Zeitlos durch die Vokalkunst der Epochen

Kammerchor des Landes in der Heidelberger Raphaelkirche

Rhein-Neckar-Zeitung, 19.09.2017

Als Jochen Woll seine Sangesstimmen über alle Ecken und Phrasenenden von Josquin Desprez' „Agnus Dei" hinweg­ schweifen ließ, wo das Gefühl von Anfang und Ende gänzlich verloren ging, erhielt der Titel dieses Konzerts, „Zeit-los", schnell seine Berechtigung. Auch deshalb, weil diese älteste polyphone Musik (Desprez wurde 1440 geboren) gar nicht soweit von späteren Epochen entfernt lag. Das raffinierte Spiel mit Echo-Effekten traf hier gekonnt die Mitte zwischen er­widerndem Nachhall und Weiterentwicklung. Woll gab hierbei jedem Register seines Kammerchores Baden-Württemberg individuell Zeit zum Aufbäumen und Abflauen, ließ sie gleich­zeitig aber das Gesamtkonstrukt nie verlassen.
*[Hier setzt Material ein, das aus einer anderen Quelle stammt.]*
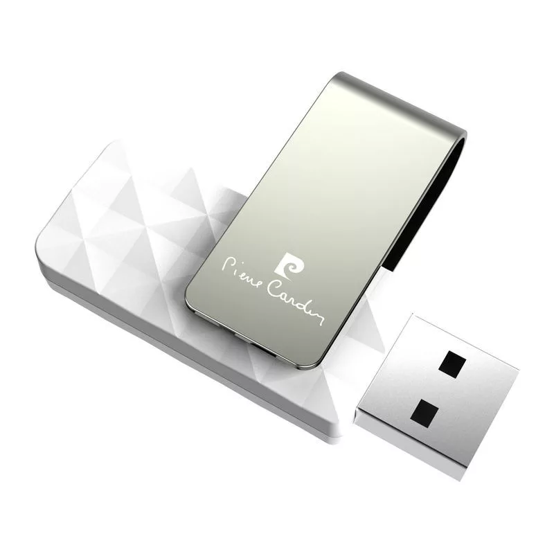 Elegáns forgatható kupakos Pendrive Pierre Cardintól 32 GB kapacitással. Az USB időtlen kivitelben készült fehér vagy fekete színben, ezüst borítással. Díszdobozba csomagolva, eredetiségigazolással együtt. (A termék Artisjus-díj köteles, az ár nem tartalmazza).

Nächste Station dieser Zeitreise war der einstige Thomas-Kantor Johann Hermann Schein. Überaus ernst und dringlich meinten es die Sänger mit dessen Bitte „Wende dich, Herr, und sei mir gnädig": Einmal gelöst und nach vorne orientiert, zugleich aber von einer nicht zu verbergenden Angst geleitet. Hinter der sorgfältigen Herausarbeitung dieser hochkomplexen Strukturen steckte meisterhafte Chorarbeit. Das verriet auch Bachs „Der Geist hilft unser Schwachheit auf", das vom ersten Einsatz an in stechend scharfer Präzision und Rhythmisierung hervorschoss. Unglaublich diese Energie, die da die Raphaelskirche hellauf erstrahlen ließ. Zwischendurch schraubte Woll den Regler an Schlagfertigkeit zugunsten federnder Leichtigkeit allerdings auch gern mal runter.
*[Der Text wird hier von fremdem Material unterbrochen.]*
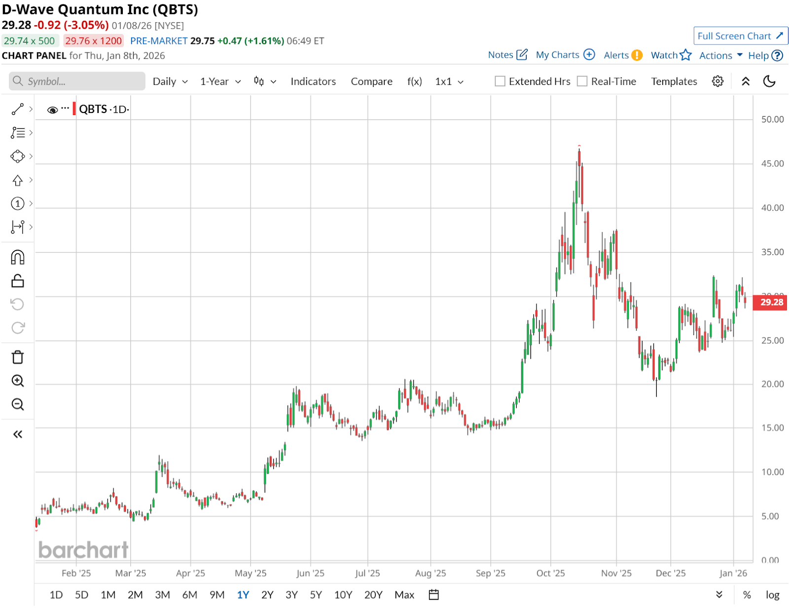 D-Wave Quantum (QBTS) makes money in a few connected ways. It provides cloud access to its annealing quantum computers, builds out gate-model systems, and sells software and services that companies can use for optimization and increasingly AI-related work. Over the past 52 weeks, QBTS is up roughly 360% and up 7.5% year-to-date (YTD), which shows a shift in sentiment.

Der große Bach-Verehrer Mendelssohn verschaffte mit „Mein Gott, warum hast Du mich verlassen" zahlreichen Sängern auch solistische Auftritte, wo besonders die Tenöre mit ausgereiften Stimmcharakteren überzeugten. Bei sei­ner Bearbeitung von Mendelssohns „Verleih uns Frieden" hatte Woll mit der radikalen Entschleunigung in vier Langsamkeiten nicht zu viel versprochen. Die still und autark vor sich hinlebenden Töne haben ihre meditative Wirkung definitiv nicht verfehlt.
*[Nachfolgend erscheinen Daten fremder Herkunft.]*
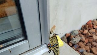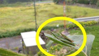 滝行?秋の雨にあえてあたるオンブバッタ。
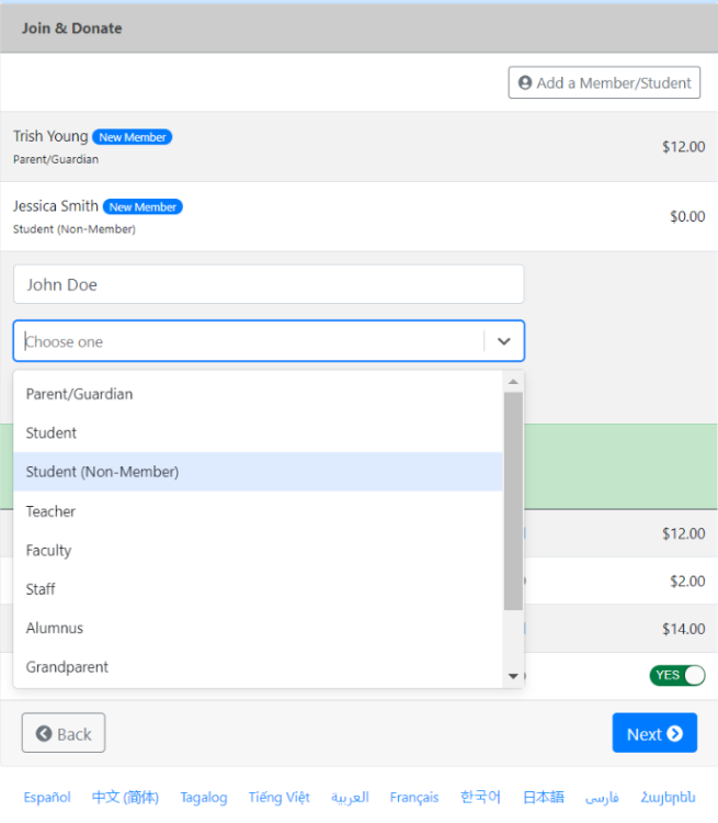 Once a member clicks on Add a Member, the member will be taken through the join flow to purchase a membership

In der Gegenwart war man mit Petr Ebens „De tempore" angekommen, das mit Klangzitaten verschiedener Stilistiken und viel Sprechgesang, Glissandi und Disharmonien dem Konzert-Motto wahrscheinlich am besten gerecht wurde. Diese Musik war nämlich nirgendwo zu verorten und versetzte mit konträr aufeinandertreffenden Elementen die Hörgewohnheiten des Publikums nicht selten in eine Orientierungslosigkeit. Faszinierend.